Opposition viewAn inflationary budget - Yashwant Sinha
|“The FM has not provided any growth impulses for the economy—especially for an economy—that is on the downstream. It was important to take some tough steps”|
It’s almost like the French monarch Louis XVI words: “after me the deluge”. These Budget proposals certainly would create huge problems for the economy in future. I am left in no doubt that the economy is going to face grim days. In fact, for the first time after liberalisation, the next phase of economic reforms was not spelt out during a Budget. Suffice it to say, it’s just an election stunt and has set no long-term goals for the rural economy, or for industry. Nothing that seems like a vibrant step for a progressive economy was heard in the FM’s speech.

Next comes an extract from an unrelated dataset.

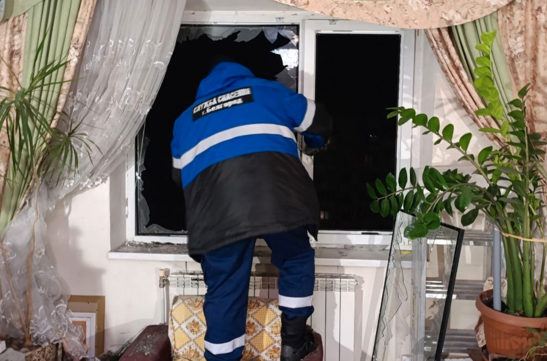 An emergency worker at an apartment in Belgorod damaged by Ukrainian shelling on February 13, 2026. Source: “Nastoyashchy Gladkov” (@vvgladkov) / Telegram

It is not a growth-oriented Budget at all; neither is it an inclusive Budget. The Economic Survey clearly spelt out the challenges before the government. It appears as if the Finance Minister did not read the Economic Survey; he has completely ignored the policy prescriptions encapsulated in the survey. Where will the growth come from when the interest rates continue to be high? It will have a dampening effect on the overall growth as well as individuals.
Then there is nothing big in terms of infrastructure, project or industry, so investment demand will slow down and this will lead to a further slowdown in the economy. The Budget has fallen much short of my expectations though industry leaders have a tendency to praise it initially. The FM has not provided any growth impulses for the economy—especially for an economy that is on the downstream. It was important to take some tough steps. Merely increasing the expenditure will not do; in fact, that will add to the inflation.
I would term it as an inflationary Budget. Huge hikes that the FM has provided would certainly add to inflationary pressure. He has nothing to further economic reforms. The only highlight of the Budget is the loan waiver though I don’t know how he will work this out. While the Finance Minister said that he would provide liquidity to the banks over the next three years, he does not know how. His successor will inherit an economy which is already in a slowdown phase. His budgetary proposals would further intensify the slowdown trend. He has postponed the FRBM (Fiscal Responsibility and Budget Management) target with regard to revenue deficit by another year, so his successor will face that challenge also. And in a Budget what goes up does not come down. So, whatever concessions the Finance Minister gives, it’s very difficult to take them back.
I think there should have been some determined steps to control inflation, steps to ensure that the godowns were full, so that we are able to influence prices in the open market. We should have adjusted tax rates to encourage imports wherever it was necessary. Also there was a need to moderate inflation and take steps to moderate interest rates. Situations should have been made favourable for banks to cut rates rather than ordering them to do so. The government should have picked up the bill rather than burdening the banks.